Thursday, February 20, 2014

Writing to My Audience

In addition to that pesky "internal editor" that follows me around, poking me in the ribs every day and telling me I'm a terrible writer, I occasionally become frozen by the fear of what others will think if they ever read something I wrote.

Part of the problem is that I have way too many heroes that I would love to impress and hate to disappoint. I think about my English teacher friends who all have incredible brains and are armed with amazing BS detectors. If my writing is crap, they will catch it faster than anyone else.

Then there are others: former professors, teachers, mentors, friends, and family. I can just imagine showing them my first published book (because of course in my imagination everyone will be so excited about it) and the confused looks that will appear on their faces when they read fart jokes, magic, and scary monsters instead of something a little more thought provoking. Like, you know, something a mature adult in her thirties would be expected to write.

A few weeks ago, while banging my head on my keyboard and wallowing in the misery of writing a literary novel I'd been working on since July, I had an epiphany: I am terrible at writing literary fiction. I just don't have the skills to do it. I can critique it all day long, but I can't create it. Not well, anyway. Not yet. Maybe not ever.

And then I remembered my teaching days, shut up in a remedial reading classroom with seventh, eighth and ninth graders who hated reading only slightly more than they hated me (I realize that sounds quite negative, but bear with me). I taught students who's primary experiences with reading had been the humiliation of reading out loud, comprehension testing, timed readings, and misery. All of their associations with books were negative.

I struggled finding fun and interesting material for them to read.
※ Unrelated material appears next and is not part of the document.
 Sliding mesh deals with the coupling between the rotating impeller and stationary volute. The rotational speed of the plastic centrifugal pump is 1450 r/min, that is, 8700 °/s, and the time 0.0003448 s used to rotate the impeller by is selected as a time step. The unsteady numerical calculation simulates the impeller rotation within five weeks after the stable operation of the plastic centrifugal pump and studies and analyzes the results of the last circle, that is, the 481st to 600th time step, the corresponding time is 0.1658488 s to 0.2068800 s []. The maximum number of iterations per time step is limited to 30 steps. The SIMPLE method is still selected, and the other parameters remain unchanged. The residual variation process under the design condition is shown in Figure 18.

So much so, that in my frustration, it actually became easier to write my own short stories tailored to their specific needs and interests.
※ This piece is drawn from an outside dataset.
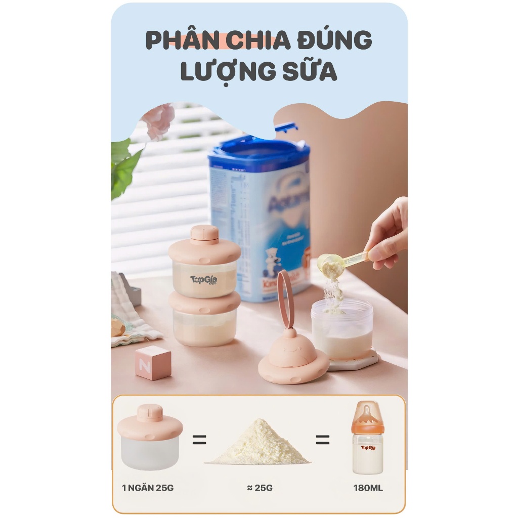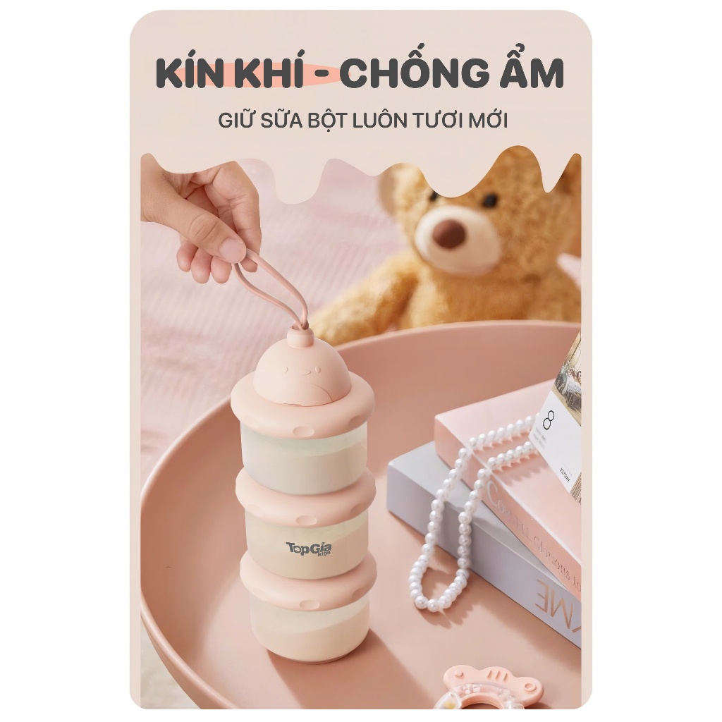 Hộp đựng sữa bột Topgiakids chống ẩm 3 ngăn tiện lợi, Hộp trữ sữa cho bé tiện lợi pha sữa, ăn dặm

I can't tell you what it felt like to hear my kids who hated reading, who struggled with it and despised it, giggle and snort over something silly I put in my stories.

It was fun.
It was thrilling.
It was fulfilling.
It's the reason I want to be a writer.

And I can't let myself forget it.

I took a break from my literary novel and started writing something new-- something I would have written for my students-- something completely ridiculous and fun.

I guess what I'm saying is, when everyone I know reads my first book and thinks to themselves, "That's the most ridiculous thing I've ever read" if they finish that thought with the phrase "...but for some stupid reason my kids/students love it" then I will know I've done all right for a first timer.